The media has already reported one such demand for information (available at: https://www.colombotelegraph.com/index.php/chandra-demands-for-information-on-treasury-bond-issuance/). The whole market is now waiting for the response of the Board.
This writer in the first article under reference has given the details of a potential Treasury bond scam in which it is alleged that a section of primary dealers had unloaded the bonds they had bought at low prices to unsuspecting investors in the institutional sector by deliberately driving the bond yields down. Unfortunately, the cherry-picking response from the board had not dealt with that issue thereby allowing the scandal to rub on its nose.
An EFF facility of $ 1.2 billion not sufficient
The board has expressed confidence that the proposed Extended Fund Facility loan from IMF would help it to build trust among investors in the Sri Lanka rupee. This confidence of the board is only partly correct. That is because a loan of just $ 1.2 billion, released to Sri Lanka in tranches of about $ 300 million each, would be totally inadequate to meet its foreign exchange commitments over the next 12 month period.
According to the data released by the Central Bank, foreign loan repayment commitments alone in the next 12 months will be about $ 4.5 billion. Hence, the IMF facility will just give only a mental complacence to the board without delivering a sufficient quantity of hard dollars to meet the market shortfalls. Such hard dollars have to be acquired by it by borrowing from commercial markets.

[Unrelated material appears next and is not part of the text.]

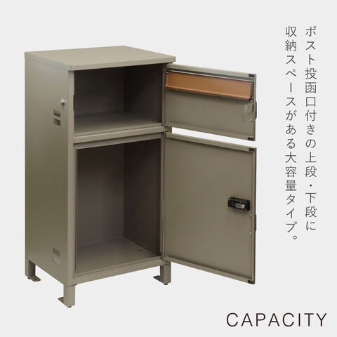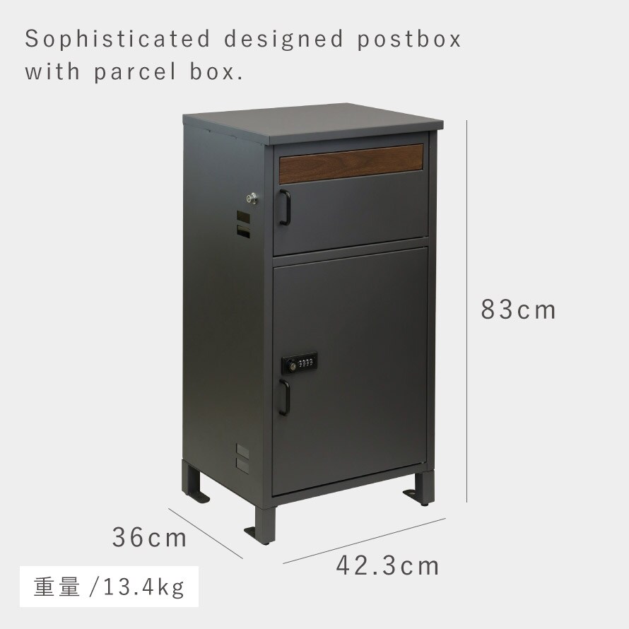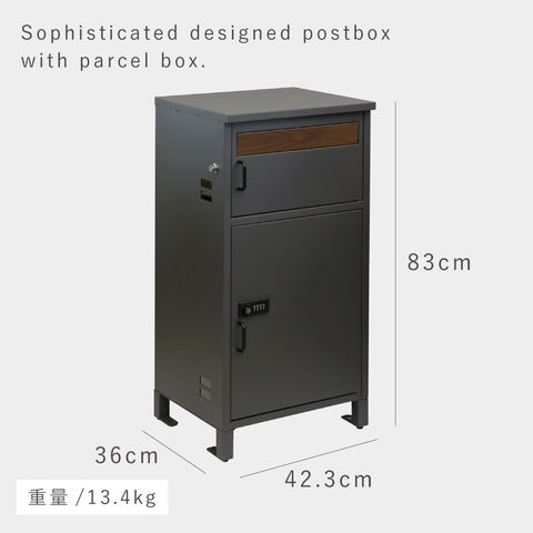 サイズ本体/幅42.3×奥行36(取手込みサイズ)×高さ83cm(アジャスター込みサイズ)、上段投函口/幅35×高さ4.2cm、上段取出口/幅35.5×奥行31.2×高さ22cm、下段取出口/幅34×奥行31.2×高さ43cm

The board has lost its credibility in the eyes of the market.
Getting a loan from IMF is not just sufficient for the board to build trusts among market participants. That requires the board as well as the senior officials of the Central Bank to establish unmarred credibility by both the words they utter and the deeds they subsequently commit. The feeling of market participants is that the arrogance displayed by senior officers of the bank in receiving constructive criticism has done much damage to the trust building exercise of the board.
It is common knowledge in the market today that the Central Bank, the operational arm of the board, does not answer calls or clarify the issues raised by market participants. The Monetary Board which finally has to take responsibility cannot keep a blind eye on the acts committed in certain parts of Central Bank’s operations eroding its credibility. Certainly, the Good Governance Government voted to power in 2015 too cannot remain oblivious when another major bond scandal is rubbing against its nose.